Тебя смутило, что я беру деньги у мертвого, но ты считаешь, что не нужно
спасать живого, который, по твоим же словам, достоин уважения?
— То, что враг достоин уважения, не означает, что его не надо
убить, — пожала плечами Эвьет. Я вдруг подумал, до чего дико звучит
подобная спокойная фраза из уст двенадцатилетней девочки. А хуже всего
то, что она, в общем-то, права. Во всяком случае, в том мире, который
нас окружает…
нас окружает…
— Тем не менее, твоим первым движением было спасти его, а не
выяснить цвета его знамени, — заметил я вслух.
— Ты прав, — признала Эвьет, явно недовольная собой. — Как-то не
подумала, что он может быть с той стороны. Здесь уже довольно далеко от
границы графства…
— Войска опять пришли в движение, границы больше не актуальны, -
возразил я. — Он, кстати, тоже не подумал, что мы можем быть не из его
стана. Чуть было не рассказал нам, где расположены их части. Ему, должно
быть, просто не пришло в голову, что враги могут оказывать ему помощь…
— Обыщи его как следует, Дольф. Может, у него с собой какая-нибудь
секретная депешa.
Но никакой депеши у молодого Гринарда, погибшего столь нелепой
смертью, не оказалось. Его доспехи мне тоже были не нужны — по ряду
причин, включая и ту, что я не люблю таскать на себе лишнюю тяжесть, да
и толку от нее, как показывает практика, немного — а вот меч, фамильный
он или нет, я решил взять себе. Уж всяко лучше моей железяки, даже с
чисто эстетической точки зрения. Свой старый я решил просто бросить
здесь. В другое время я бы, наверное, все же попытался его продать в том
же Комплене (а заодно и стоивший явно больше доспех, и сбрую несчастной
Клаудии), но, имея полный кошель, туго набитый золотом и серебром, решил
не мелочиться и не обременять Верного лишним грузом. Хоронить мертвеца,
несмотря на укоризненный взгляд Эвелины, я, конечно же, тоже не стал. Я
лишь уложил его ровно и воткнул в изголовье свой старый меч -
вертикально, на манер креста; такова была максимальная дань
бессмысленным условностям, которую я согласен был заплатить.
Мы вновь выехали на дорогу, по-прежнему безлюдную, на сколько
хватало глаз (малолетние бандиты, очевидно, скрывались где-то в дебрях
травы), и продолжили наше путешествие по описанному Гюнтером маршруту.
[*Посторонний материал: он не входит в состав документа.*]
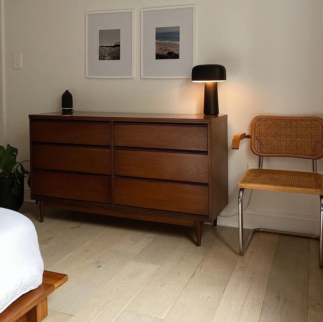 Things get moody with this Maskor Table Light placement. We love seeing our lights add a little something extra to a credenza.
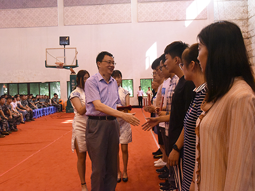 郑家茂院长首先致辞,他代表学院董事会和全体师生员工对2018级新同学的到来表示热烈的欢迎,并寄语新生:逐梦不息,成就无愧时代的精彩人生;勤学敏思,造就洞察明理的精彩青春;务实践行,铸就知行合一的精彩青春;精业求真,创造奋斗无悔的精彩青春;热爱生活,演绎绚烂多姿的精彩青春。鼓励在座学生要心怀梦想,燃起斗志、敢于拼搏,勇于付出。
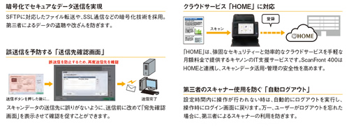ScanFront 400は、堅牢なセキュリティ機能を備えている。まず誤送信による漏洩を防ぐために、送信前に「宛先確認画面」を表示させることが可能。また、設定時間内に操作が行われない時は自動的にログアウトする仕様となっている。このほか、強固なセキュリティと効率的なクラウドサービスを手頃な月額料金でキヤノンが提供する「HOME」にも対応しているため、会員登録業務で個人情報を扱う際にも安心して使える仕様となっている。
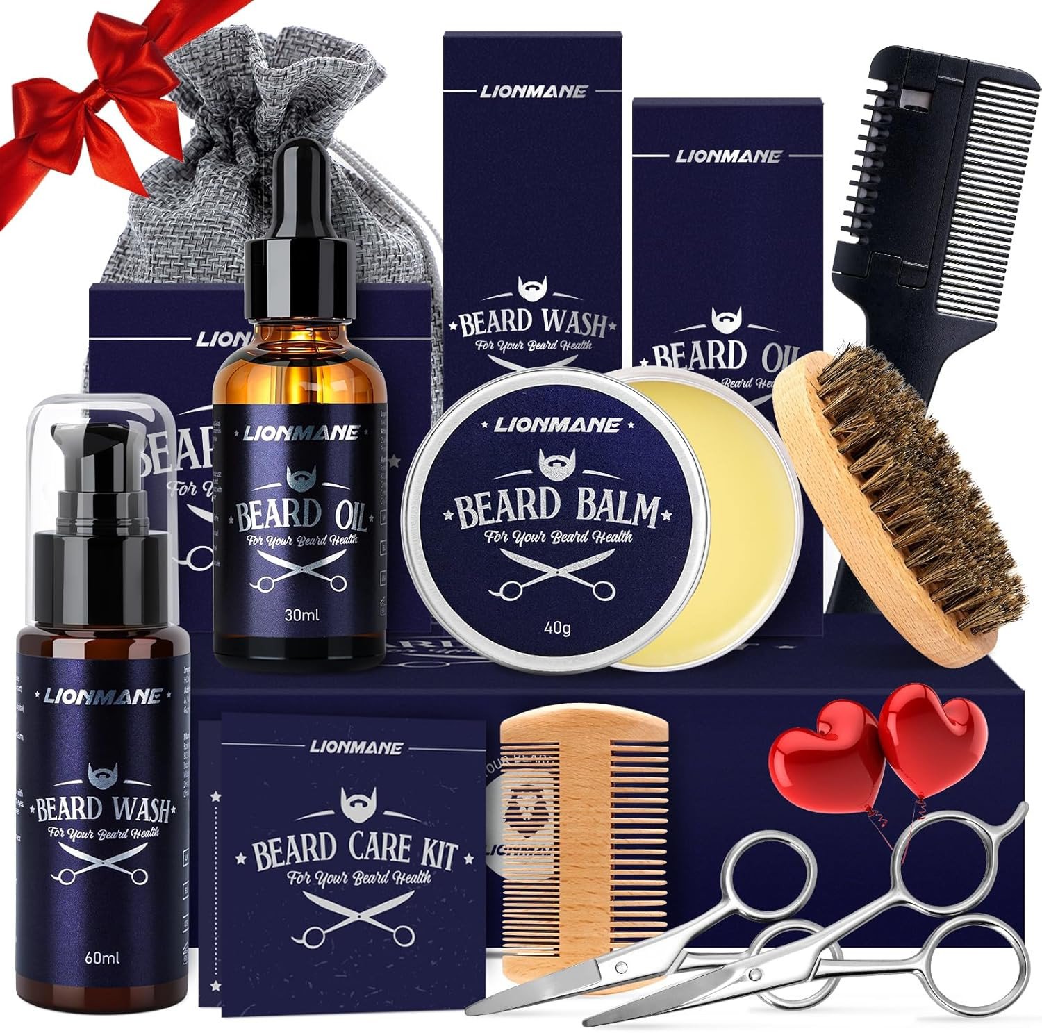 Beard Care Kit for Men LIONMANE Beard Grooming Kit Beard Balm Beard Wash Oil Comb Brush Scissors Hair Thinning CombBeard Trimming SetAnniversary

Вскоре мы, наконец, покинули пределы земель, опустошенных мятежом; вновь
стали попадаться бедные, но все же не лишенные жителей деревеньки. К
вечеру мы выехали к постоялому двору, больше напоминавшему деревянный
форт, обнесенный крепким и высоким частоколом; ворота были заперты, и
мне пришлось довольно долго стучать в них кулаками и ногами, прежде чем
с той стороны кто-то подошел, шаркая ногами, и, осмотрев нас через щель,
более походившую на бойницу, сиплым голосом изрек:
— Беженцев не принимаем!
— Мы не беженцы! — оскорбленным тоном возразил я.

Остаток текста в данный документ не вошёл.